At the second meeting of the Society, on 3 April 1849, it was decided to establish a museum, to be located in the Tholsel. The value of a museum lay not only in the protection of objects but also in the opportunity it afforded for comparison. The danger of travelling dealers and local jewellers who would melt down antiquities was realised; the important role of the Royal Irish Academy in saving many objects was appreciated by the members, but the Society hoped to be able to preserve objects of local interest. So numerous were the donations to the museum that the Society was forced to move three times in twenty years to accommodate the collection. In 1900, when the Society was already in Dublin, the museum collection was divided between the Kilkenny Museum, now at Rothe House, for items of local interest and the Royal Irish Academy for artefacts of national significance. This element now forms part of the collection of the National Museum of Ireland.
The Society also assumed a monitoring role, writing to complain in 1899 that excavations at Tara ‘ought not to be undertaken except under the supervision of competent archaeologists, and subject to their advice’. The Society successfully lobbied for the treasure trove legislation to be extended to Ireland. It also campaigned for Ireland to be included in the proposed national monuments legislation. When such legislation was passed in 1882, the Society declared it ‘defected’ since only prehistoric monuments were covered. It condemned the destruction of Dowth for road-building in 1879 (plus ça change!).
The Society moved to Dublin in the 1890s, and in 1917 purchased 63 Merrion Square. This is now the only remaining complete complex in Dublin of the classic form of Georgian townhouse. The house contains fine internal plasterwork, stucco, mantelpieces and door casings, while to the rear is an eighteenth-century-style garden with an intact mews complex (which has recently been restored by Irish Land Mark Trust) complete with original horseboxes. The Society is undertaking a series of major projects to conserve and secure the external and internal fabric of the house.

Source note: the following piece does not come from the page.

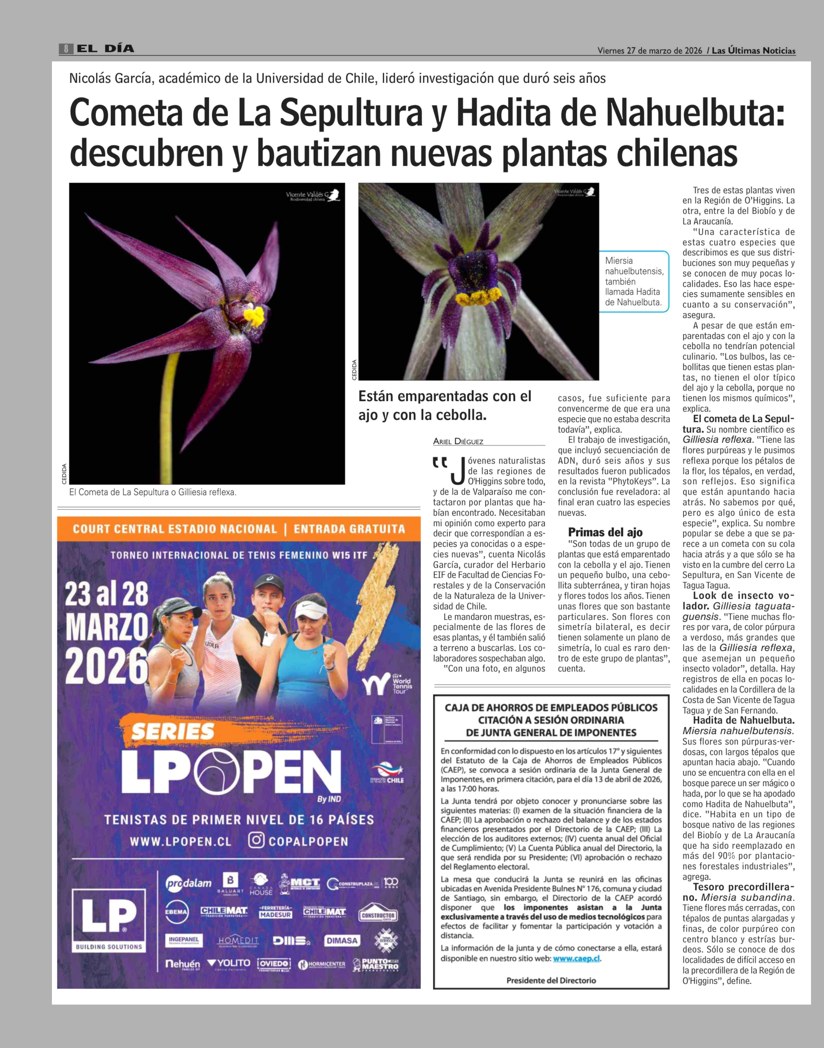 Título: Cometa de La Sepultura y Hadita de Nahuelbuta: descubren y bautizan nuevas plantas chilenas
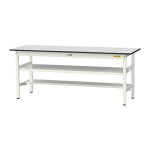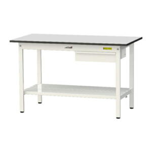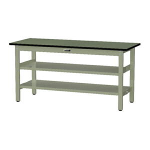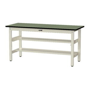 ●u.ヤマキン/山金工業 【SJR-1560TTS2-GG】ワークテーブル 500シリーズ 固定式 中間棚付 H740mm 塩ビシート天板 グリーン 組立式

The Society’s library, which is available to members and external researchers, is located in 63 Merrion Square. In addition to all major Irish and foreign journals, the library houses the Society’s outstanding collection of archives, photographs and drawings. These include eighteenth-century minute and election books of the Corporation of Weavers, Corporation Books of Callan, Gowran and Thomastown, Co. Kilkenny, and antiquarian drawings by Du Noyer, Miller, Robertson, Graves and others. There is also an extensive photographic collection, as well as the Elrington Ball Dublin collection and the correspondence of Jonathan Swift.
In the ‘Bleak Days of ’47’ it would have been hard for those enthusiastic young men—fired with a zeal to preserve, examine and illustrate the heritage, culture and language disappearing before their eyes—to predict the breadth and scope of their success. Any one of the Society’s achievements—the conservation of Jerpoint, the preservation of the Du Noyer drawings, the establishment of the basis of a national museum, the fostering of local archaeological research and the insistence on ‘best practice’ in relation to the national heritage—would have been a noteworthy contribution to their country. Perhaps the greatest achievement is that, 160 years after that February meeting, the Society is a vibrant, growing, concerned and active organisation with a much-visited website and well-attended and lively lectures, talks, outings and excursions. The Journal is a volume of international record, and the house is being lovingly and painstakingly conserved.

Linda Doran is joint Honorary General Secretary of the Royal Society of Antiquaries of Ireland.